◆ **WORK TO COMPLETE**
Write every line below out again, exactly as given, but leave out the pictures.

◆ **DATA BLOCK**
((
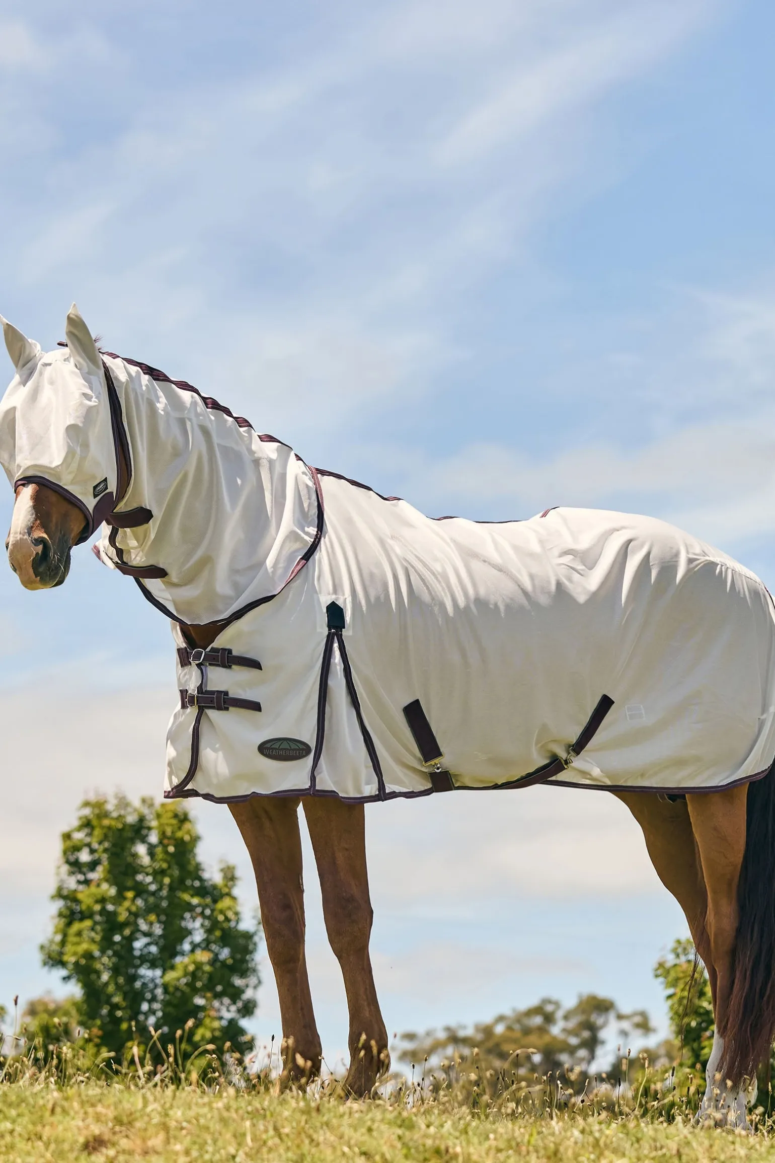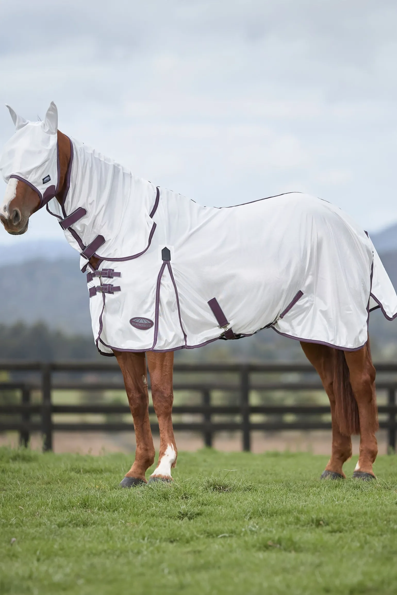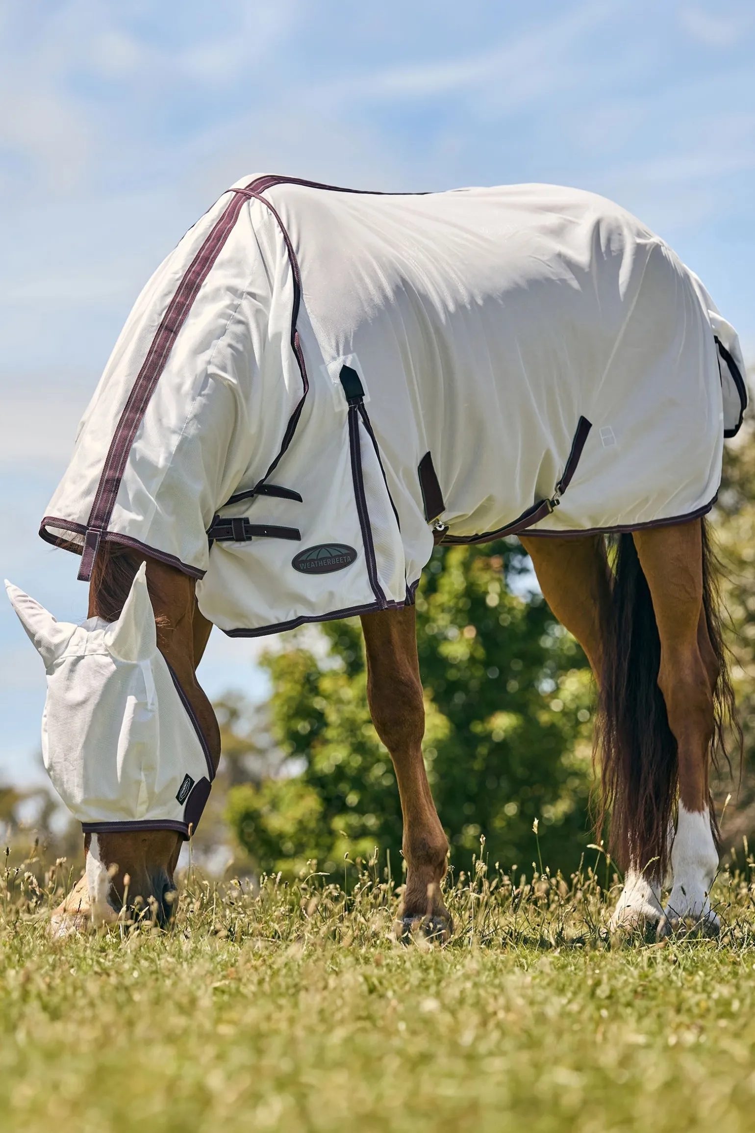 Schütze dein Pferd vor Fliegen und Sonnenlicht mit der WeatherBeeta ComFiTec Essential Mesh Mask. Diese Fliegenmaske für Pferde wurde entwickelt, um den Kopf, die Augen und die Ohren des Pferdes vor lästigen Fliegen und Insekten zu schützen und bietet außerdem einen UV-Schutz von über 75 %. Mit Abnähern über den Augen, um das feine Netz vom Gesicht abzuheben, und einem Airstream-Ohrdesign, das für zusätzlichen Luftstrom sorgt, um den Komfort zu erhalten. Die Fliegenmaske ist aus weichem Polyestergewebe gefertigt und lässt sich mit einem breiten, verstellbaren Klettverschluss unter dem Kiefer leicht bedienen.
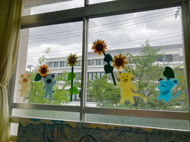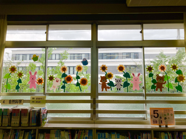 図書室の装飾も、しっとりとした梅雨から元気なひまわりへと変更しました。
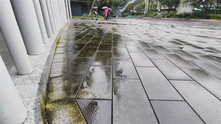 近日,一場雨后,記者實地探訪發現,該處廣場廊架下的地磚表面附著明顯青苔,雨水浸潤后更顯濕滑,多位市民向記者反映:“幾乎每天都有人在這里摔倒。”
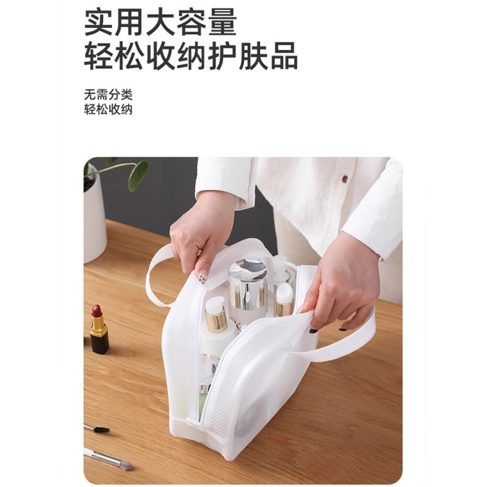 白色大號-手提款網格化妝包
))
◆ **ANSWER SPACE**
 Schütze dein Pferd vor Fliegen und Sonnenlicht mit der WeatherBeeta ComFiTec Essential Mesh Mask. Diese Fliegenmaske für Pferde wurde entwickelt, um den Kopf, die Augen und die Ohren des Pferdes vor lästigen Fliegen und Insekten zu schützen und bietet außerdem einen UV-Schutz von über 75 %. Mit Abnähern über den Augen, um das feine Netz vom Gesicht abzuheben, und einem Airstream-Ohrdesign, das für zusätzlichen Luftstrom sorgt, um den Komfort zu erhalten. Die Fliegenmaske ist aus weichem Polyestergewebe gefertigt und lässt sich mit einem breiten, verstellbaren Klettverschluss unter dem Kiefer leicht bedienen.
 図書室の装飾も、しっとりとした梅雨から元気なひまわりへと変更しました。
 近日,一場雨后,記者實地探訪發現,該處廣場廊架下的地磚表面附著明顯青苔,雨水浸潤后更顯濕滑,多位市民向記者反映:“幾乎每天都有人在這里摔倒。”
 白色大號-手提款網格化妝包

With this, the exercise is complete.